Authors (as registered SciPost users): Peter Abbamonte · Ali Husain · Anshul Kogar · Matteo Mitrano · Mindy Rak
Submission information
Preprint Link: http://arxiv.org/abs/1509.04230v4  (pdf)
Date submitted: 2017-07-13 02:00
Submitted by: Abbamonte, Peter
Submitted to: SciPost Physics
Ontological classification
Academic field: Physics
Specialties:
  • Condensed Matter Physics - Experiment
  • Condensed Matter Physics - Theory
Approaches: Experimental, Theoretical

Abstract

One of the most fundamental properties of an interacting electron system is its frequency- and wave-vector-dependent density response function, $\chi({\bf q},\omega)$. The imaginary part, $\chi''({\bf q},\omega)$, defines the fundamental bosonic charge excitations of the system, exhibiting peaks wherever collective modes are present. $\chi$ quantifies the electronic compressibility of a material, its response to external fields, its ability to screen charge, and its tendency to form charge density waves. Unfortunately, there has never been a means to measure $\chi({\bf q},\omega)$ at the meV energy scale relevant to modern electronic materials. Here, we demonstrate a way to measure $\chi$ by applying momentum-resolution methods from x-ray and neutron scattering to surface high-resolution electron energy-loss spectroscopy (HR-EELS). This approach, referred to here as "M-EELS," allows quantitative measurement of $\chi''({\bf q},\omega)$ with meV resolution at wave vectors spanning multiple Brillouin zones. We apply this technique to finite-q excitations in the optimally-doped high temperature superconductor, Bi$_2$Sr$_2$CaCu$_2$O$_{8+x}$ (Bi2212), which exhibits several phonons potentially relevant to dispersion anomalies observed in ARPES and STM experiments. Our study defines a path to studying the long-sought collective charge modes in quantum materials at the meV scale.

Current status:
Has been resubmitted

Reports on this Submission

Report #2 by Anonymous (Referee 1) on 2017-8-25 (Invited Report)

  • Cite as: Anonymous, Report on arXiv:1509.04230v4, delivered 2017-08-25, doi: 10.21468/SciPost.Report.230

Strengths

1- the paper is very well written provide a detailed and highly valuable theoretical background, much better than those I came across in the existing in the litterature.
2- Whereas the technique has been around for some time, it has only marginally been applied to correlated systems. The present works highlights this very well and a strong case for the method is made.

Weaknesses

1- Some inaccuracies. I am surprised by the statement 'The problem with EELS is that meV energy resolution has not yet been demonstrated in an instrument that is also momentum-resolved.' Such devices have been developped in Germany a few years ago (see e.g. http://journals.aps.org/prl/abstract/10.1103/PhysRevLett.104.137203 or this still recent review http://dx.doi.org/10.1016/j.physrep.2014.08.001, where high-resolution momentum resolved EELS has been used to study magnetic excitations in ultrathin films. Arguably these experimental set-ups were not developed to measure charge dynamics (in fact spin polarization seem to be an extra complication), I believe they represent concrete examples of momentum-resolved EELS with meV energy resolution. I am surprise not to see such examples mentioned in the current paper.

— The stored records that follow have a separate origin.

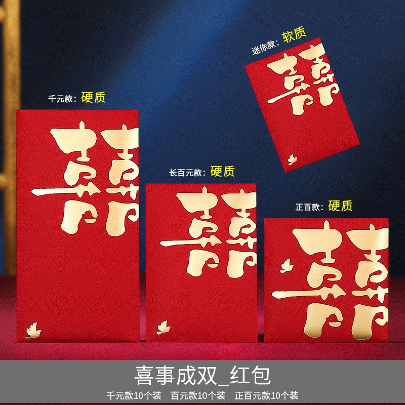 结婚喜字红包封2023新款磨砂改口接亲利是封婚礼婚庆创意大红包袋
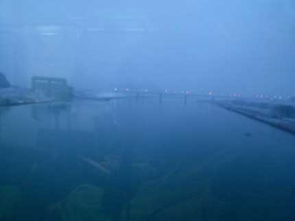 今朝は5時にぱっちりと目覚めた。外はまだ暗かった。支度を整えて部屋を出て、フロントに置いてある箱のなかに部屋の鍵を放り込む。安ホテルの宿代は前金が原則で、昨夜済ませている。非常口のドアを開ける時、もう一度荷物と服を確認した。この非常口は外からは開かない仕掛けになっている。一晩で、雪は小雨に変わったようだ。
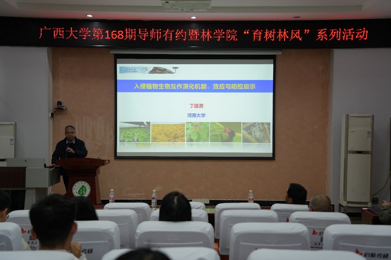 12月19日上午,beats365(中国区)-唯一官方网站第168期导师有约暨林学院“育树林风”学术文化系列活动在学院112举行。本次活动邀请河南大学特聘教授、生态学学科带头人丁建清教授为师生作“入侵植物生物互作演化机制、效应与防控启示”学术讲座,吸引了学院80余名师生参加,学院副院长招礼军教授主持会议。
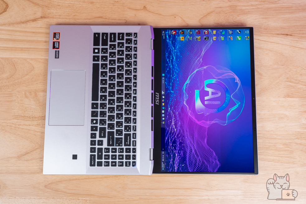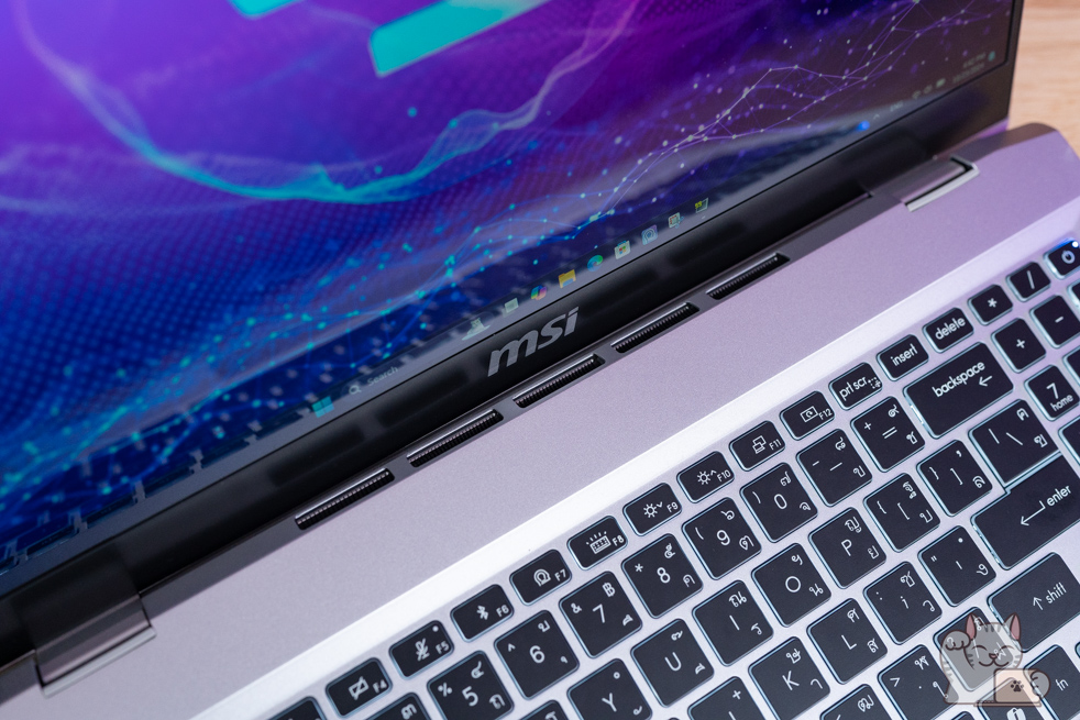คีย์บอร์ด MSI Prestige A16 AI+ ต้องบอกว่าแตกต่างจาก Notebook ทั่วไป กับการตอบสนองได้ดี โดยพัฒนาและออกแบบมาให้ MSI โดยเฉพาะ ทั้งอารมณ์การตอบสนองของแป้นพิมพ์ แรงกด โดยมีระยะกดที่ 1.7 มิลลิเมตร ที่ลึกเหมือน Gaming ไฟส่องสว่างสีขาว ให้ความพรีเมียมและใช้งานง่ายในที่แสงน้อย รวมไปถึงมีปุ่ม Hot-key ต่างๆ ที่ปุ่ม Fn แถวบน พร้อมปรับแต่งซอฟแวร์ต่างๆ ผ่าน MSI Center S ได้ด้วยเช่นกัน แน่นอนมีแป้น Numpad ด้วย ใช้งานสะดวก จากการที่ตัวเครื่องมีมิติที่เล็ก เป็น Notebook ที่ดีไซน์บานพับให้กางหน้าจอได้ 180 องศา มีปุ่ม Flip&Share ที่ปุ่ม F12
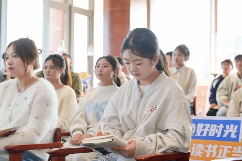 整场分享引经据典、旁征博引,既有理论高度的深刻阐释,又有生活智慧的生动传递,为在场师生带来了一场思想与精神的双重洗礼。学子们专注聆听、认真记录,不时点头呼应,现场气氛庄重而热烈,思想的火花在书香中悄然绽放。

2- To the best of my knowledge the statement 'Despite steady improvements, however, RIXS techniques are still
limited to an energy resolution of ∆E ∼ 120 meV' is only valid for Cu L-edge RIXS. Edges of lighter atoms have higher resolutions.
Improved energy resolution has recently also been demonstrated (http://www.nature.com/nphys/journal/vaop/ncurrent/full/nphys4157.html). I agree however with the authors that the cross-section issue is a strong caveat of this method.

3- EELS is an highly surface sensitive technique. Here the authors use relatively small energies and work in transmission. I´d expect they have to work on extremely thin layers of material, yet I haven´t found anything regarding the actual sample thickness.

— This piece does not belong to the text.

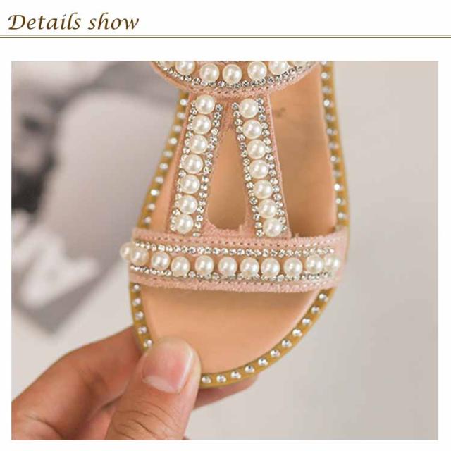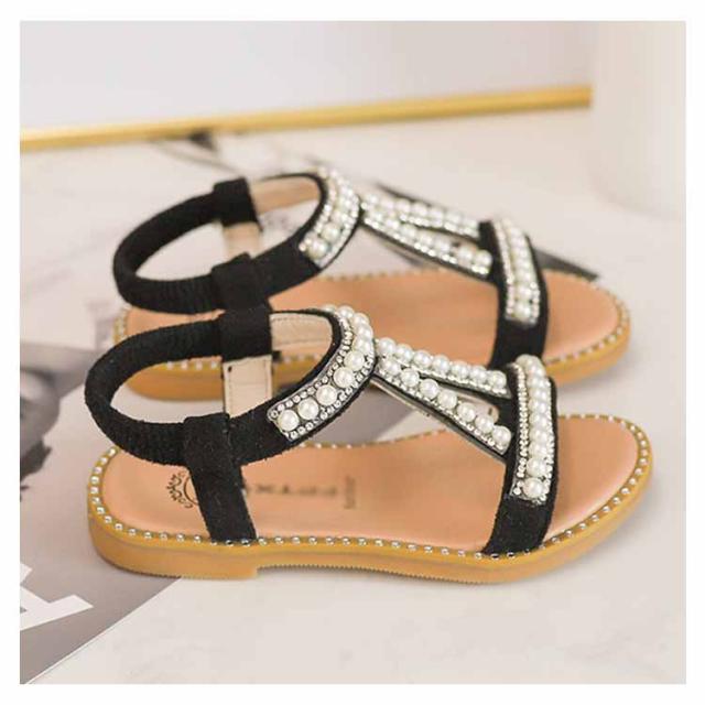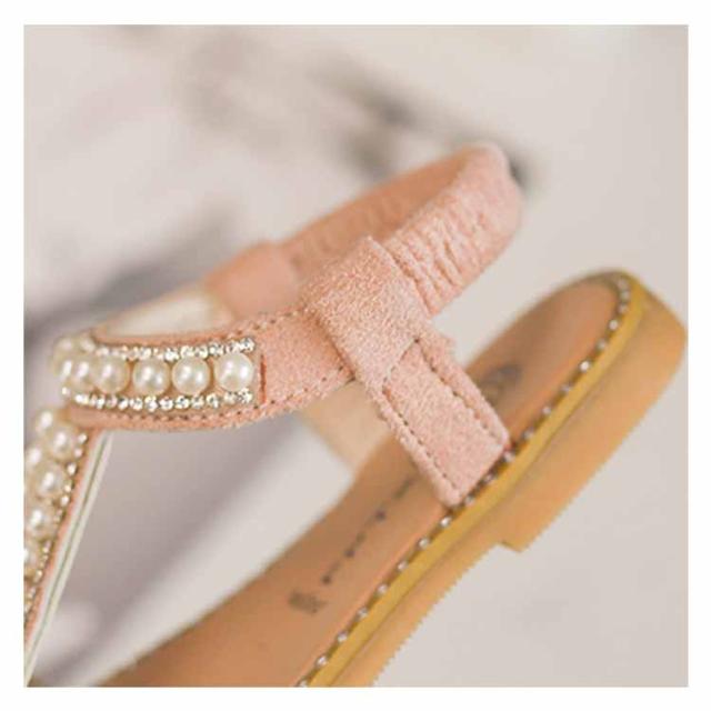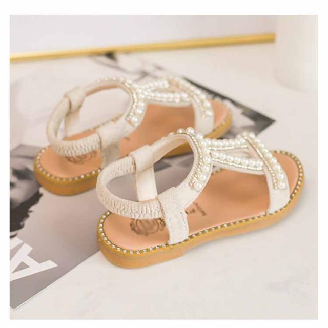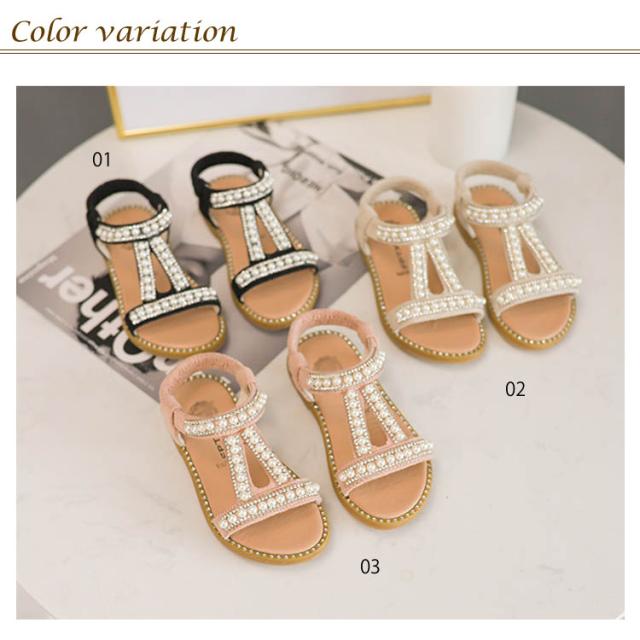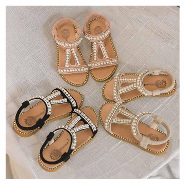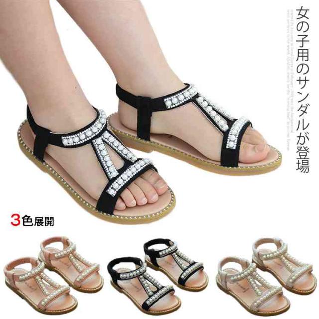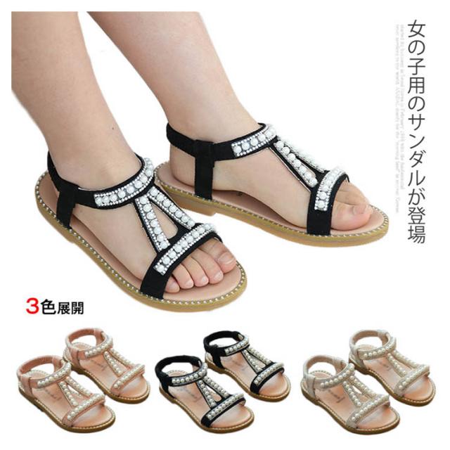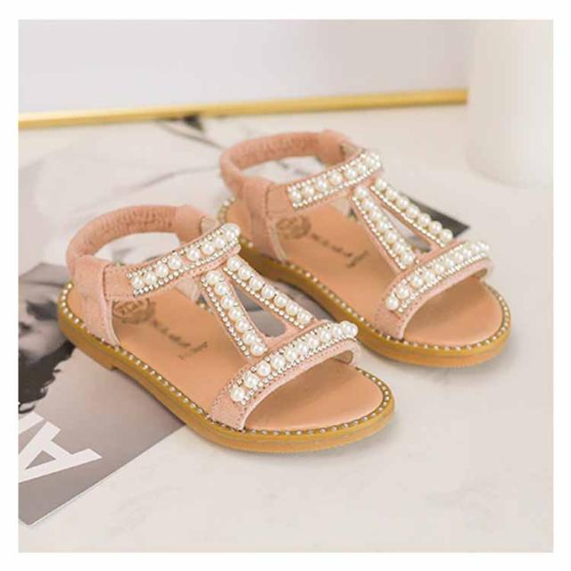 ぺったんこ 子供用 女の子 PU ストラップサンダル 女児 パール 姫系 靴 オシャレ キッズ シューズ 夏物 子供用 サンダル

4- Not much is learnt about the studied material

Report

Overall I believe this is a very useful paper that should motivate subsequent work.
Demonstration of a table-top high energy resolution and momentum resolved probe of the charge dynamics, and this opens new exciting perspectives. The theoretical background and the method are so well described that, despite maybe limited novelty regarding the physics of the cuprates, I am convinced that this paper will serve as a reference for further HR-EELS studies for correlated materials.

Requested changes

see the remarks in the weaknesses section above.

  • validity: top
  • significance: high
  • originality: top
  • clarity: top
  • formatting: perfect
  • grammar: perfect

Report #1 by Anonymous (Referee 2) on 2017-8-15 (Invited Report)

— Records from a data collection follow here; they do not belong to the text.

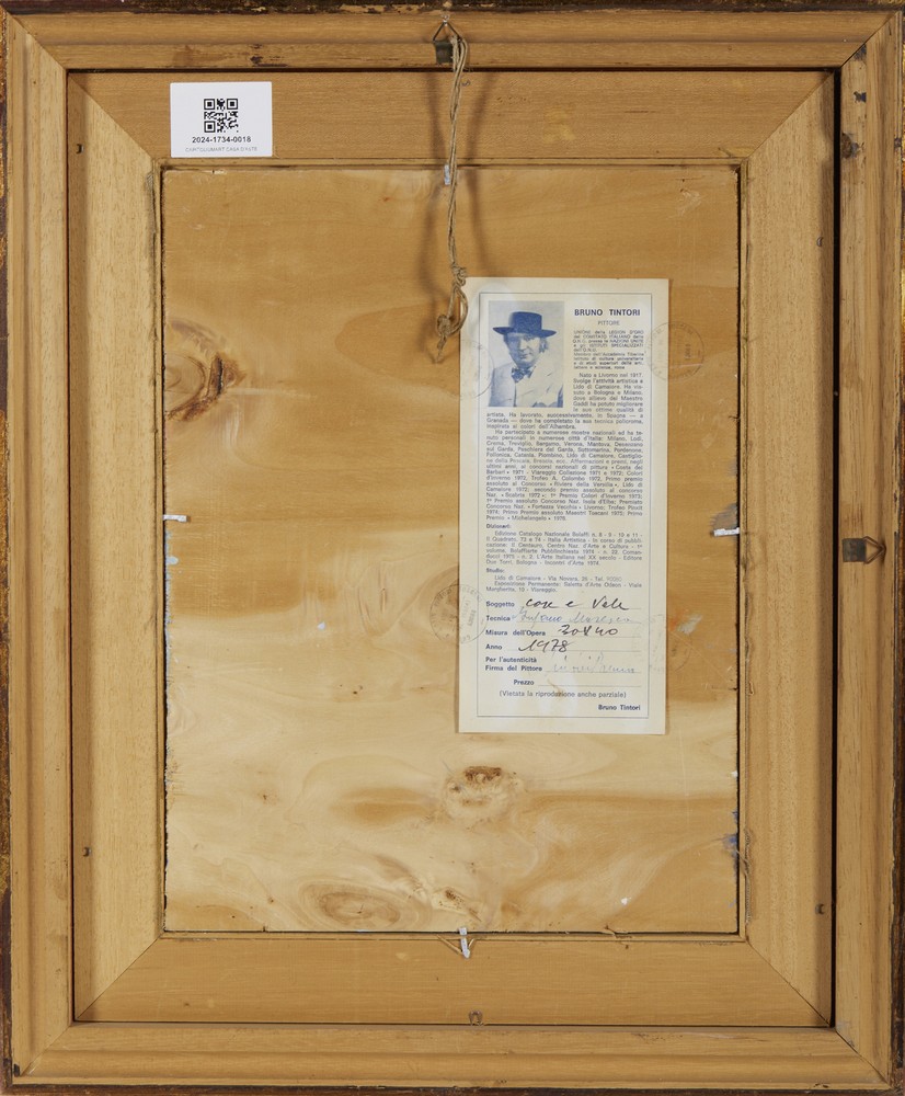 sul retro: certificato di autenticità dell'artista e timbro gruppo d'arte Pittori Toscani, Lido di Camaiore. Cornice presente
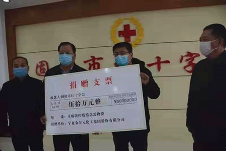 2月月5日,集團公司及所屬子公司向寧夏回族自治區紅十字會、吳忠市紅十字會、固原市紅十字會、固原市民間商會、青銅峽市慈善會共捐贈351萬元現金,為抗擊新冠病毒肺炎疫情提供支持。
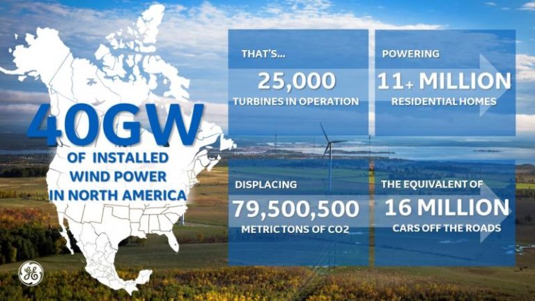 與此同時,GE可再生能源公司還宣布了該公司的一個重要里程碑,宣布該公司已成功在北美(加拿大和美國)安裝了40吉瓦風力發電量 - 足以為相當于1100萬戶美國家庭供電。更具體地說,15年內在美國安裝了38吉瓦的總量。
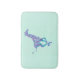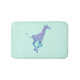 Une girafe de bébé galope à travers ce tapis de bain aux nuances de l'aqua, du bleu et du pourpre.
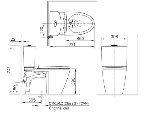 Bàn cầu hai khối + nắp rửa thông minh American Standard Loven VF-2162S
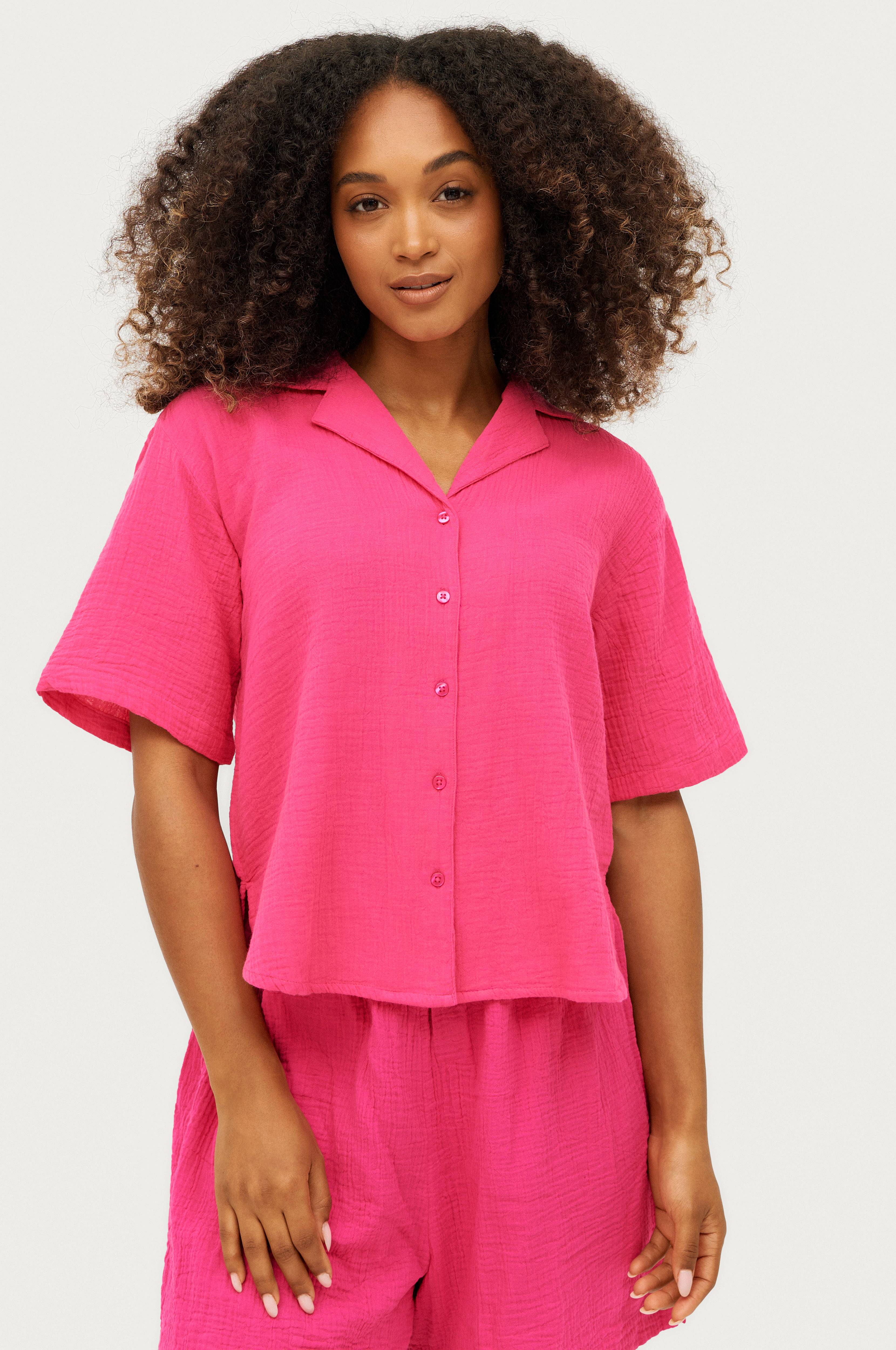 Vævet bluse i let og luftig bomuldsmusselin med struktur i stoffet. Krave med revers. Knapper foran. Længde ca. 58 cm i str. 34/36.

  • Cite as: Anonymous, Report on arXiv:1509.04230v4, delivered 2017-08-15, doi: 10.21468/SciPost.Report.212

Strengths

1) Compared to other recent papers on momentum resolved EELS, this work contains a far more substantial introduction and theoretical background relating the experimental data to the dynamic charge susceptibility.

2) The paper is exceptionally well written.

3) The authors deserve credit for relating EELS data to more widely used momentum resolved spectroscopies, in particular ARPES.

4) The paper is likely to stimulate progress in correlated electron physics.

Weaknesses

1) The paper does not provide significant new insight into the material under investigation.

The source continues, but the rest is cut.